North Africa and Central Asia seem to share the same ills: dictatorships, widespread corruption, poverty, high youth unemployment, total media control and very limited political space for any opposition.
No wonder the initial thrust of the Arab Spring in North Africa – a popular struggle for democracy – scared the hell out of most governments along the Silk Road. More than democracy, what they saw was the spectre of Islamisation. Thus the blocking of Facebook and Twitter, the set-up of made-in-China internet filters – coupled with the absence of a pan-Central Asian broadcaster in the Al Jazeera model to spread the word.
Central Asian strongmen have reasons to look back in anger – and dread – to what’s happening in Egypt and Syria. Islam Karimov in Uzbekistan and Nursultan Nazarbayev in Kazakhstan have each been in power for 21 years now. Emomalii Rakhmon in Tajikistan has been president since the country’s bloody civil war during the 1990s.
True, there was a political transition in Turkmenistan in 2007, when the flamboyant Saparmurad Niyazov died. But the snake continued to behave the same way under the new leader, Gurbanguly Berdymukhamedov.
The most complex case is Kyrgyzstan, which went through the dodgy 2005 Tulip Revolution and the 2010 anti-Tulip Revolution. It is now a multi-party parliamentary republic, but still mired in poverty, a serious schism between north and south, and the ethnic minefield of the Ferghana Valley.
Elsewhere, cosmetic reforms prevail.
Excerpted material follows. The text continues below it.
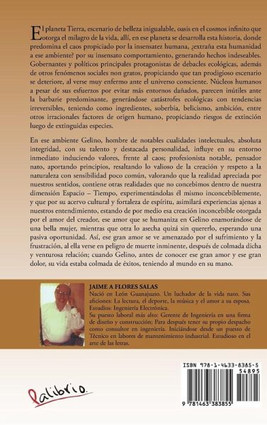 Sinopsis de Los Hilos del Destino El planeta Tierra, escenario de belleza inigualable, oasis en el cosmos infinito que otorga el milagro de la vida, allí, en ese planeta se desarrolla esta historia, donde predomina el caos propiciado por la insensatez humana, ¿extraña esta humanidad a ese ambiente? por su insensato comportamiento, generando hechos indeseables. Gobernantes y políticos principales protagonistas de debacles ecológicas, además de otros fenómenos sociales non gratos, propiciando que tan prodigioso escenario se deteriore, al verse muy enfermo ante el universo consciente. Núcleos humanos a pesar de sus esfuerzos por evitar más entornos dañados, parecen inútiles ante la barbarie predominante, generándose catástrofes ecológicas con tendencias irreversibles, teniendo como ingredientes, soberbia, belicismo, ambición, entre otros irracionales factores de origen humano, propiciando riesgos de extinción luego de extinguidas especies. En ese ambiente Gelino, hombre de notables cualidades intelectuales, absoluta integridad, con su talento y destacada personalidad, influye en su entorno inmediato induciendo valores, frente al caos; profesionista notable, pensador nato, aportando principios, resaltando lo valioso de la creación y respeto a la naturaleza con sensibilidad poco común, valorando que la realidad apreciada por nuestros sentidos, contiene otras realidades que no concebimos dentro de nuestra dimensión Espacio ? Tiempo, experimentán- dolas él mismo inconcebiblemente, y que por su acervo cultural y fortaleza de espíritu, asimilará experiencias ajenas a nuestros entendimiento, estando de por medio esa creación inconcebible otorgada por el amor del creador, ese amor que se humaniza en Gelino enamorándose de una bella mujer, mientras que otra lo asecha quizá sin quererlo, esperando una pasiva oportunidad. Así, ese gran amor se ve amenazado por el sufrimiento y la frustración, al ella verse en peligro de muerte inminente, después de colmada dicha y venturosa relación; cuando Gelino, antes de conocer ese gran amor y ese gran dolor, su vida estaba colmada de éxitos, teniendo al mundo en su mano.
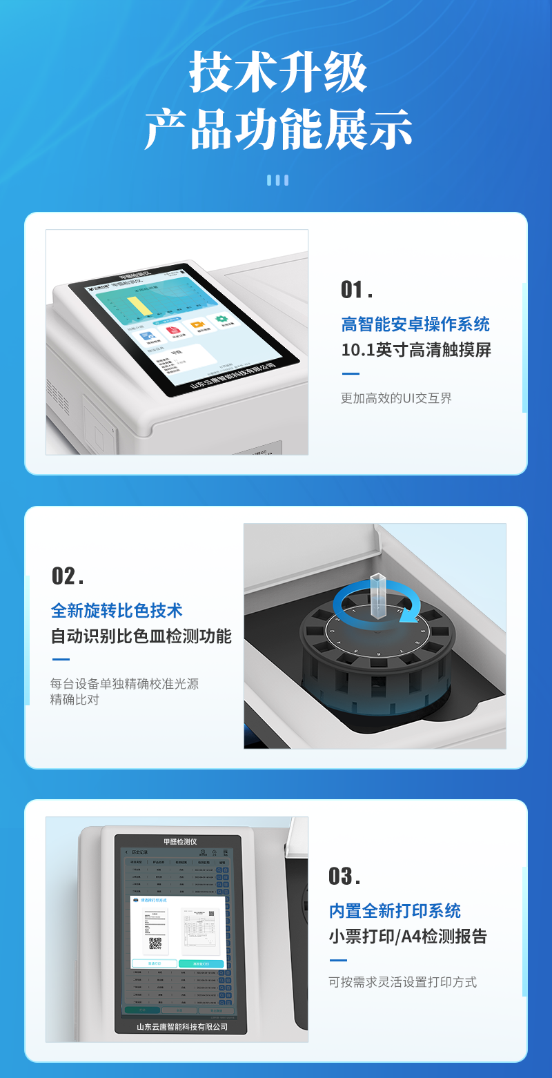 | 儀器采用臺式一體化系統檢測技術,將分光光度模塊、新型農殘檢測模塊、數字化管理模塊、無線通訊模塊高度集成于一體,支持檢測200種食品安全檢測項目,同時預留升級檢測方法。 | 儀器檢測模塊標準化、智能化,可隨意自由組合。檢測箱體內置多個標準檢測單元,檢測模塊可以調整配置。 | 儀器采用全新安卓智能系統,主控芯片采用 ARM Cortex-A7,RK3288/4核處理器,10.1寸高清液晶觸摸豎屏,更加**的UI交互界面,運轉快捷;儀器配備無線通信模塊: 4G(APN)通訊模塊、Wifi模塊,藍牙傳輸,同時具有雙USB接口以及RJ45接口能以多種方式實現數據保存和數據傳輸功能。 | 創新檢測模式: | ★檢測通道:≥12通道;采用精密旋轉比色池設計,使用同芯片同光源校準精度,解決不同光源之間的誤差值。1-12通道間誤差0.1%。(***:**202022821055.2) | ★儀器具有自動識別比色皿檢測功能,即:將樣品比色皿放入儀器后,點擊樣品檢測,儀器自動識別比色皿進行通道檢測。 | 進口高精光源: | 高精度進口四波長冷光源,通道配置 410、520、590、630nm 波長光源,一個光源芯片驅動一個光源,誤差極小,每臺設備單獨**校準光源,**比對,同時參照四種不同波段光源全方位覆蓋市面上99%的農殘食品項目檢測。 | 智能化操作系統: | 便捷操作系統:設備檢測時可在同一檢測界面自動對應相關檢測通道一次性選擇1-12個樣品名稱,無須退出界面,節省操作時間。 | 數據集成系統:設備首頁自動統計檢測數據包含:周檢測數據、月檢測數據,全部檢測總數量,均包含檢測總數,合格數,不合格數,以及相關柱形分析圖,對各項檢測數據清晰掌握,無需電腦查詢,更加快捷直觀。 | 項目預設系統:支持添加單個及多個相同或不相同的任務預設,一鍵快速調取,每一個任務分別可以設置不同的樣品、批次、編號、來源、備注、抽樣信息、檢測信息、受檢信息、復核信息等更多信息。無縫鏈接平臺和APP實時查看下發任務。 | 數據監管系統:同步對接監管平臺,數據可局域網和互聯網數據上傳,檢測結果可選擇直接傳至食品安全監管平臺。集成OSS輸出存儲服務、區分設備定向管理應用,進行區域食品安全監管及大數據分析處理與數據統計,檢測區域食品安全長短期動態,達到食品安全問題預估、預警。 | 自定義打印系統:內置全新打印系統,新創自定義打印方式,可按需靈活設置開啟或關閉:產品合格證(國家農業部標準要求),二維碼,抽樣信息、檢測信息,受檢信息、復核信息、抽樣日期、檢測日期等信息的打印。 | 系統遠程更新功能:可定向分客戶分儀器更新系統,按照不同客戶后期實際需求添加項目,無需機器返廠,即可遠程實時升級全新系統,節省時間成本及避免運輸造成設備損壞。 | 儀器主機采用一體化防水、抗壓、防撞擊、防腐蝕箱體設計,同時配備交直流供電,可連接車載電源,可選配大容量充電鋰電池,滿足現場野外檢測需求。 | 安全證書,放心保障:儀器具有中國計量科學研究院校準證書,權威認證。 |

Parliament is slightly less cartoonish under Karimov – as it should be, in theory, under Nazarbayev.
But forget about free and fair elections, independent media and real multi-party debate. Uzbekistan could easily become a Central Asian Syria, with a civil war involving the Karimov system, the army, the radical, Taliban-aligned Islamic Movement of Uzbekistan (IMU) and the secular opposition. As for the porous Tajik-Afghan border, it remains a glittering attraction for radical Islam.
Get me to my base on time
Central Asia is crucial because it’s at the heart of Eurasia – and thus at the heart of the New Great Game, essentially pitting the US against Russia and China, with assorted minor players such as Iran, Turkey and Pakistan.
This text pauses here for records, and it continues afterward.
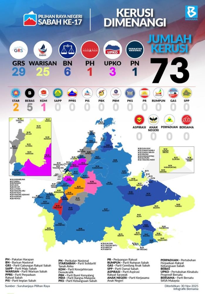 - GRS pimpinan Datuk Seri Hajiji Noor memperoleh 29 daripada 73 kerusi dewan. Saingan terdekat, Warisan pimpinan Datuk Seri Shafie Apdal mendapat 25 kerusi.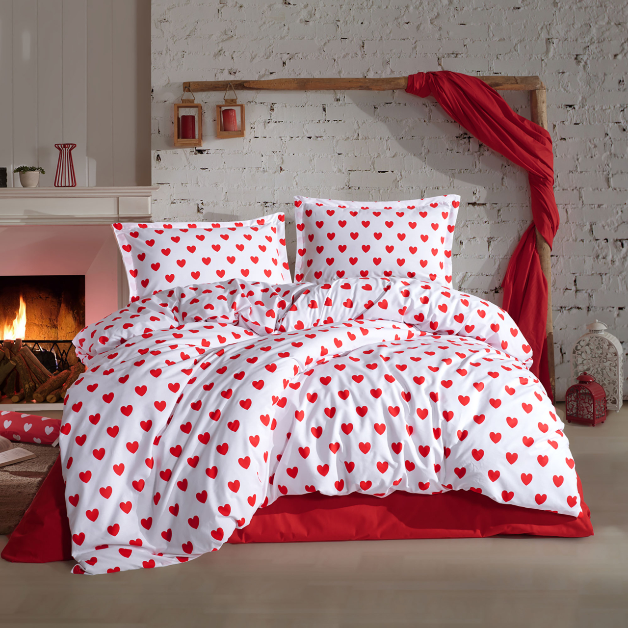 Lenjerie de pat din bumbac ranforce alba/rosie, imprimeu cu inimioare(AmorV2) pentru pat dublu,formata din 4 piese(cearceaf de pat fara elastic,husa pilota si 2 fete de perna),eleganta,simpla,perfecta pentru saltele cu dimensiunea de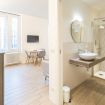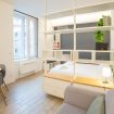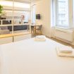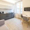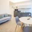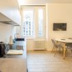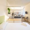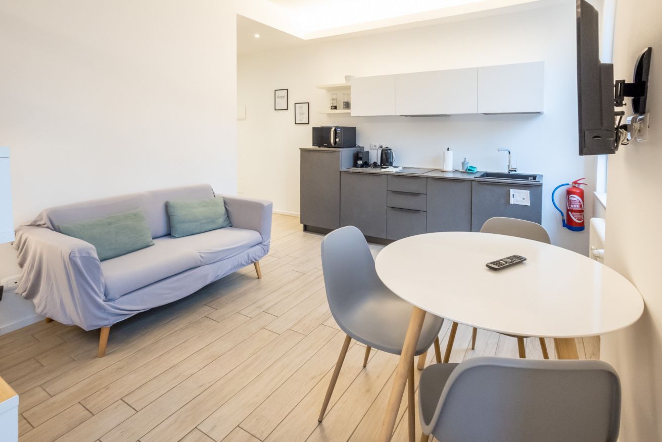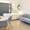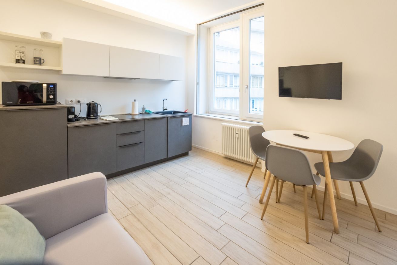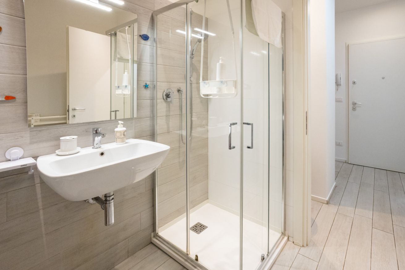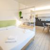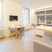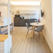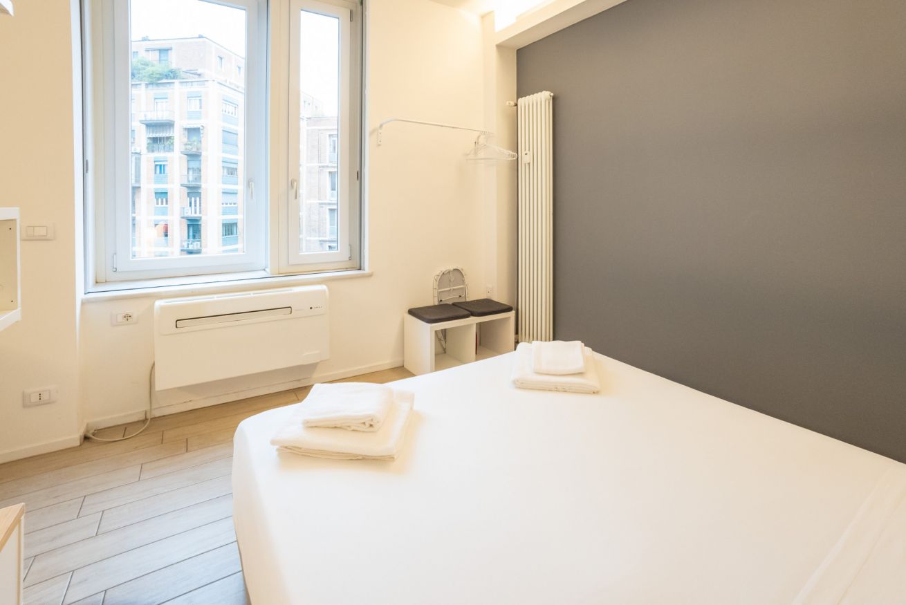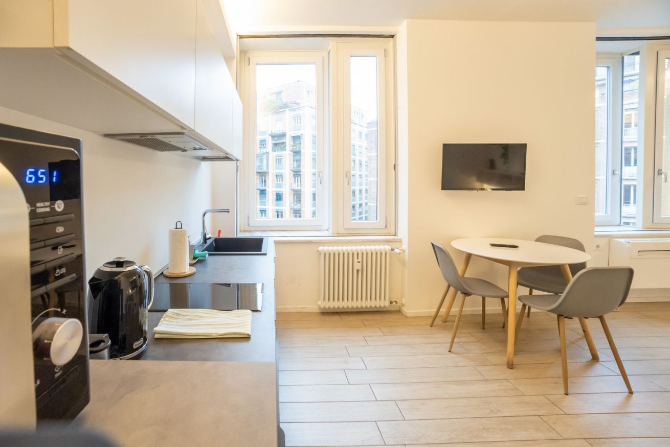 Varcando la porta di ingresso si accede alla zona living con angolo cottura, dotato di piano a induzione e forno microonde, ed un tavolo da pranzo capace di ospitare fino a 3 persone. La zona notte, con un comodo letto matrimoniale, è separata dalla zona giorno da una libreria in arredo. L'appartamento è inoltre dotato di TV a schermo piatto e gli infissi, di ultima generazione, hanno un' ottima tenuta termica ed acustica. Completa l'appartamento un elegante bagno con ampia doccia.

When it comes to hardcore New Great Game power plays, democracy is not even an afterthought. Washington seems to give the impression that Central Asia is a Russian – and also Chinese – zone of influence. Not really. Few prospects are more enticing for the US intelligence establishment than US military bases all across Central Asia.
Officials in Uzbekistan’s capital left the Collective Security Treaty Organisation (CSTO) in late June. The CSTO is a ten-year-old politico-military forum comprising Russia, Belarus, Armenia and, until this defection, the five Central Asian “stans”.